## Problem to work on
Omitting all pictures, print the lines of the listing from the one containing "The model indicates" through the final line, both ends included, with no other text.

..........

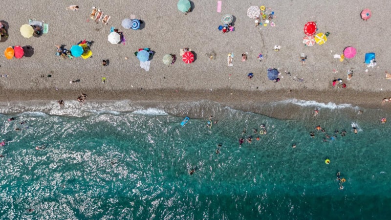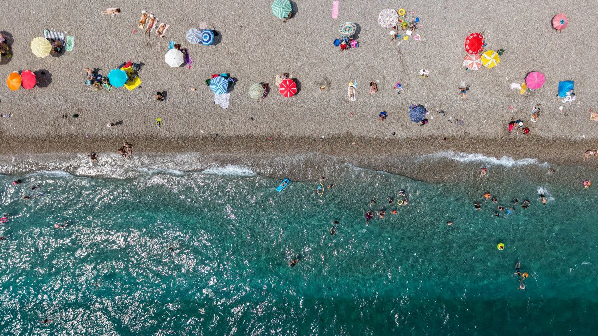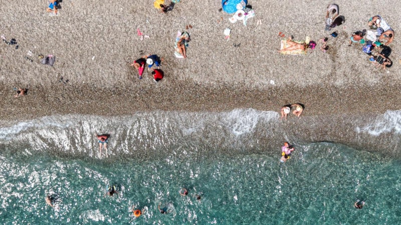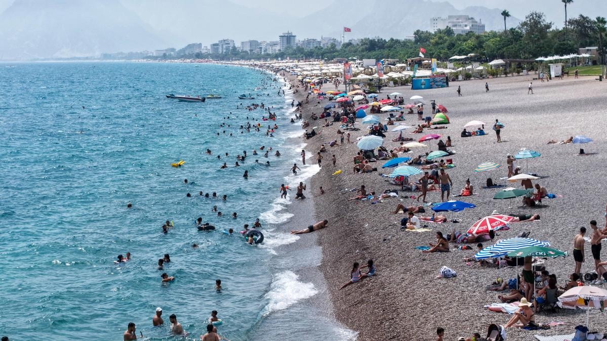 Antalya'da yüzde 76'ya ulaşan nemden ve yüksek sıcaklıktan bunalanlar sahilleri doldurdu.
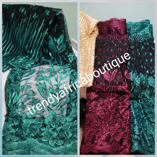 Black/wine Net French lace fabric. Embriodery, beaded and stoned. Flower border. Soft net french lace. Sold per 5yds
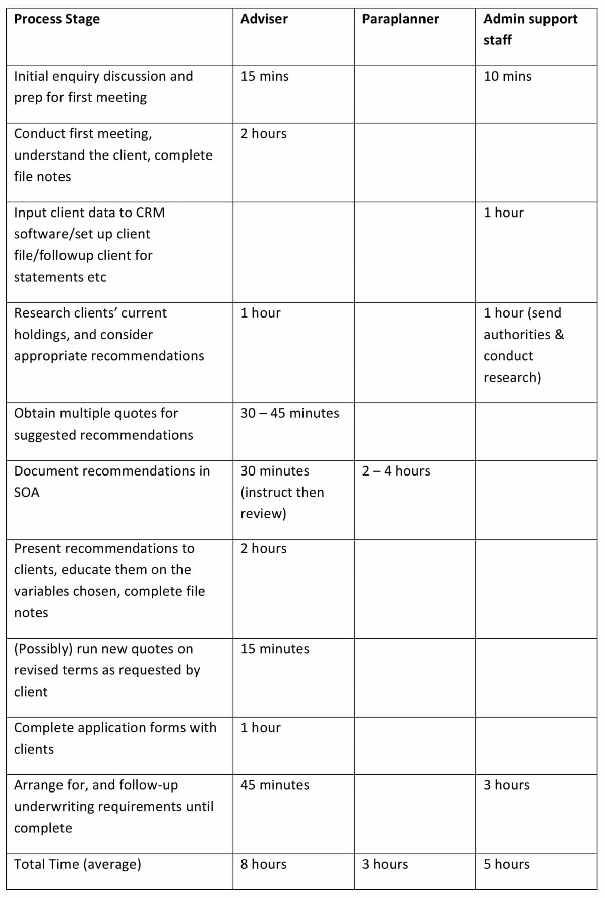 The model indicates a business will likely need to recover at least $3,430. This assumes the practice has access to a paraplanner and administrative support staff, with average charge-out rates of $299 for advisers, $171 for paraplannners and $105 for support staff. These figures are estimates from an Elixir study of adviser pricing models.
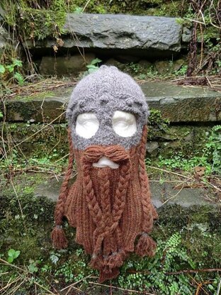 It is worked top down in the round, starting with the helmet which features a knotwork and rivet encrusted design and a 'spectacle' eye area. You then move straight into knitting the beard, and finish up by adding braids and moustaches to suit your taste.
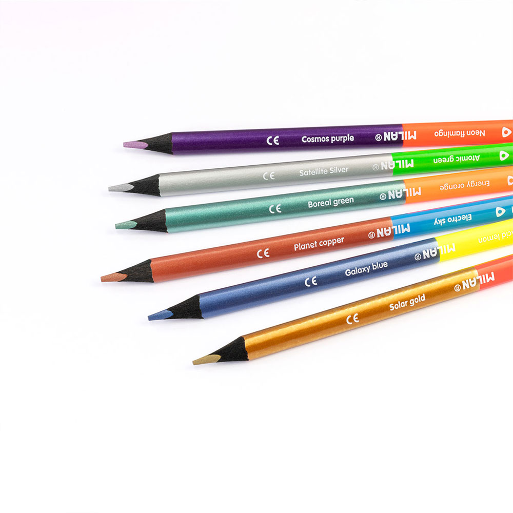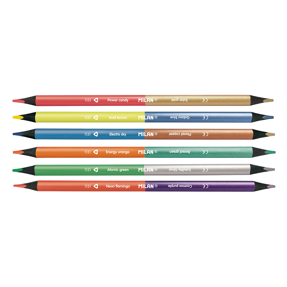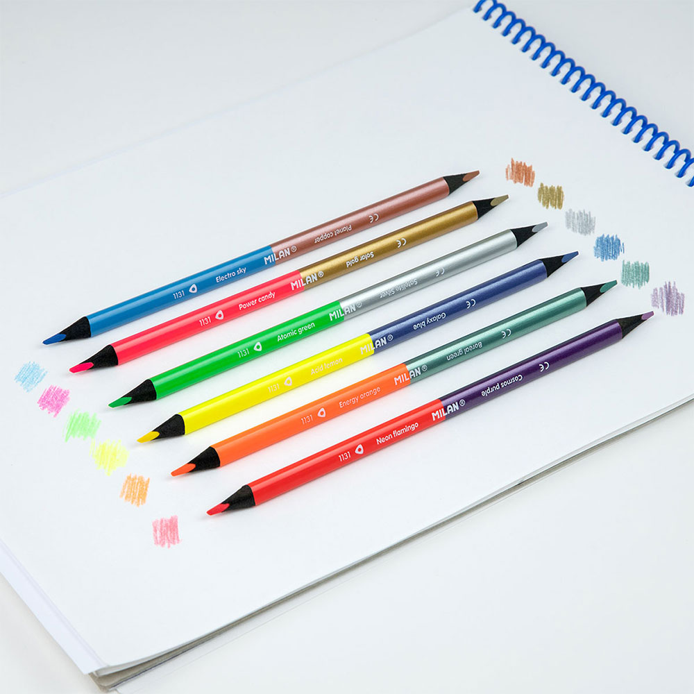 Добавете блясък и неонова енергия към вашите рисунки с уникалния комплект двустранните цветни моливи на испанската марка Milan.

..........

## Response
 The model indicates a business will likely need to recover at least $3,430. This assumes the practice has access to a paraplanner and administrative support staff, with average charge-out rates of $299 for advisers, $171 for paraplannners and $105 for support staff. These figures are estimates from an Elixir study of adviser pricing models.
 It is worked top down in the round, starting with the helmet which features a knotwork and rivet encrusted design and a 'spectacle' eye area. You then move straight into knitting the beard, and finish up by adding braids and moustaches to suit your taste.
 Добавете блясък и неонова енергия към вашите рисунки с уникалния комплект двустранните цветни моливи на испанската марка Milan.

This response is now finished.